▶ **PROBLEM STATEMENT**
Retype the data that follows line by line, exactly, and leave its pictures out.

▶ **DATA EXTRACT**
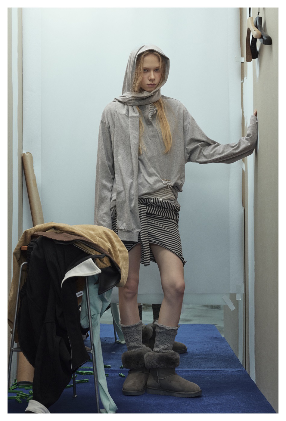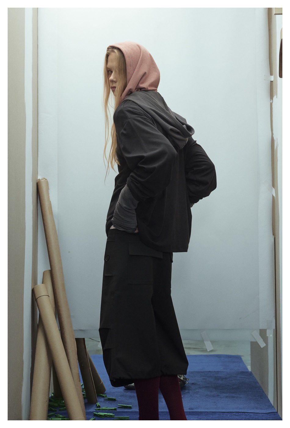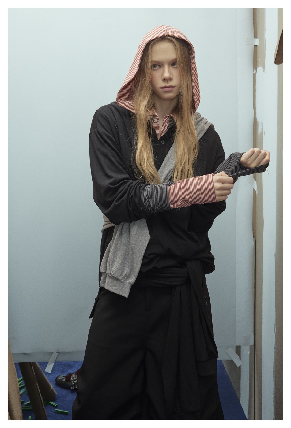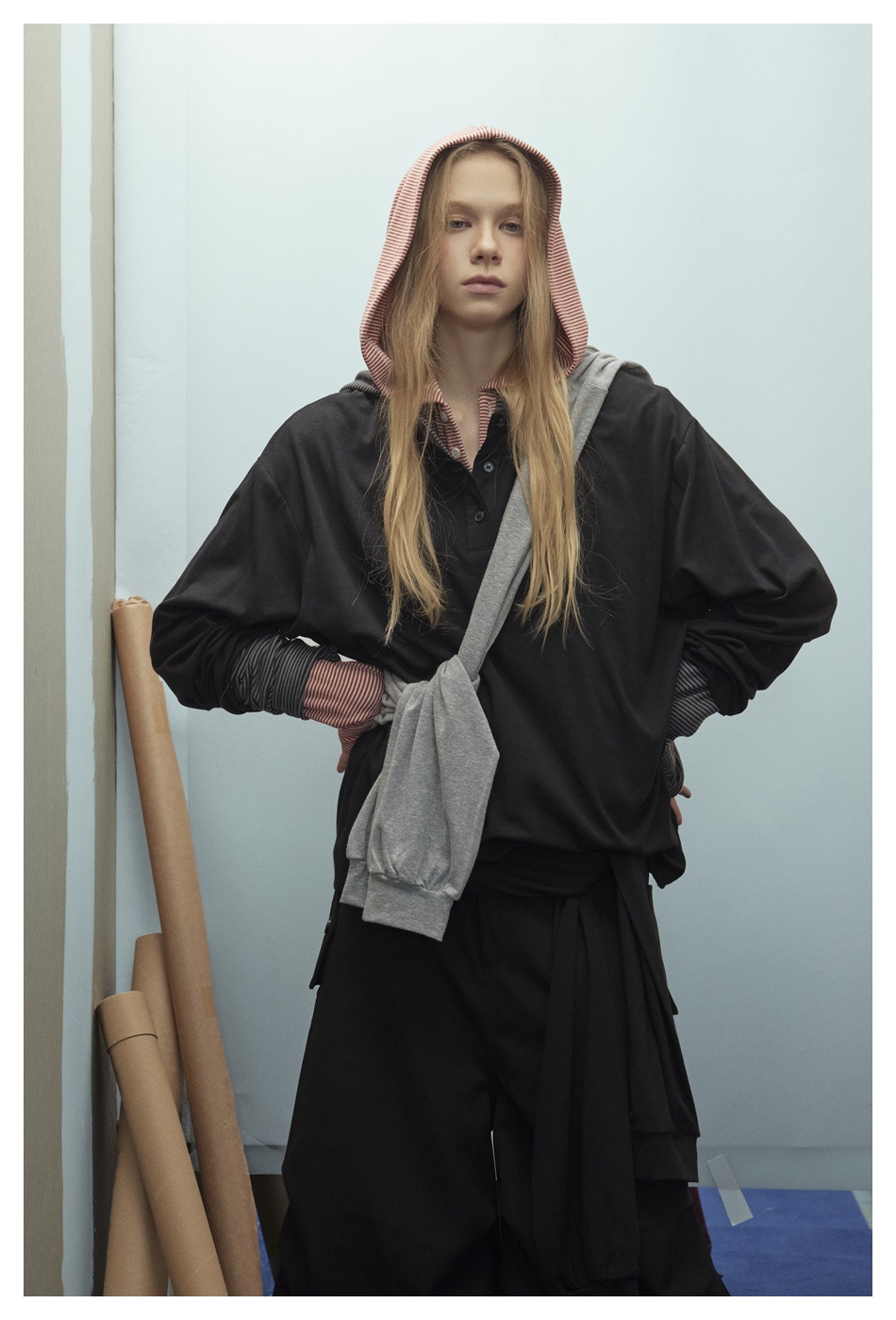 STAFFPICK College Style Loose Crew Neck Shawl Hooded Top Sweater
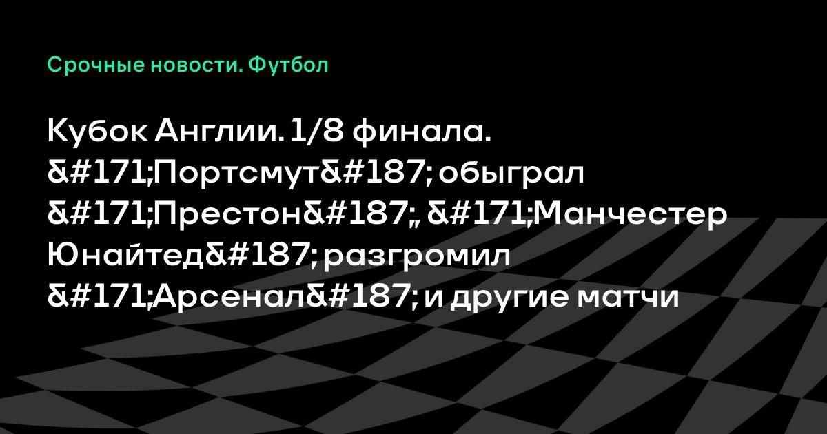 Кубок Англии. 1/8 финала. «Портсмут» обыграл «Престон», «Манчестер Юнайтед» разгромил «Арсенал» и другие матчи
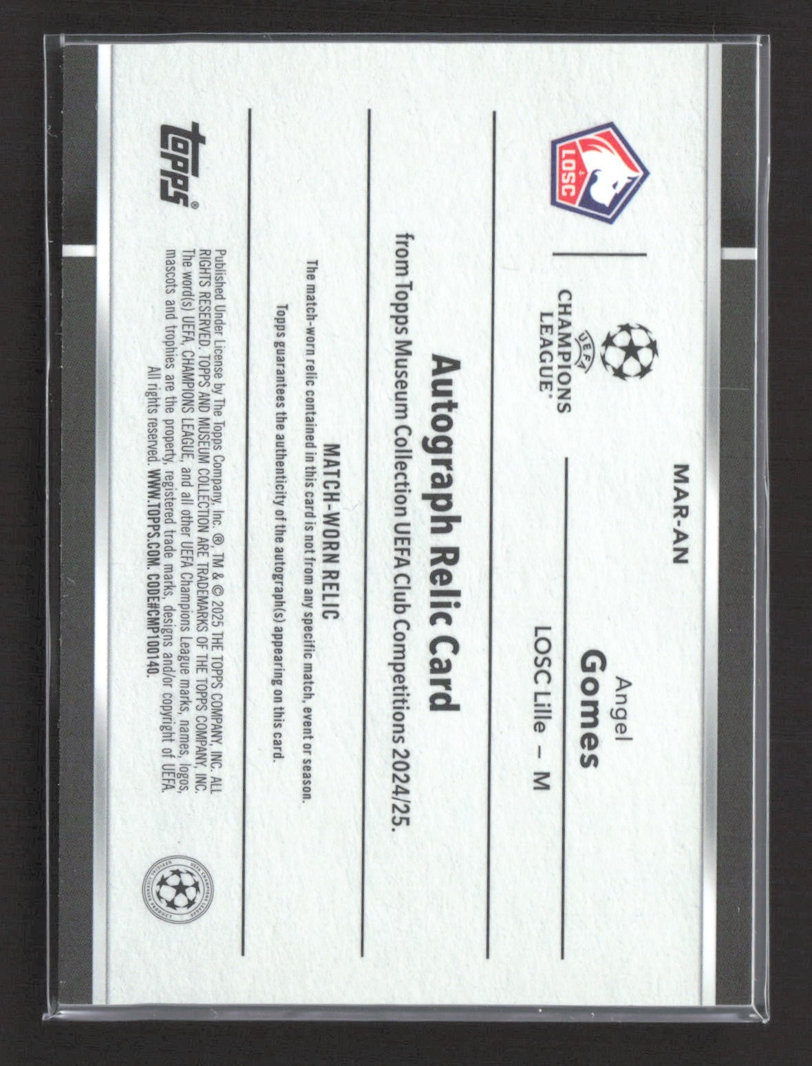 2025 Topps Museum Angel Gomes Jersey Relic Auto Purple /99 #MAR-AN

▶ **OUTPUT FOR THIS TASK**
 STAFFPICK College Style Loose Crew Neck Shawl Hooded Top Sweater
 Кубок Англии. 1/8 финала. «Портсмут» обыграл «Престон», «Манчестер Юнайтед» разгромил «Арсенал» и другие матчи
 2025 Topps Museum Angel Gomes Jersey Relic Auto Purple /99 #MAR-AN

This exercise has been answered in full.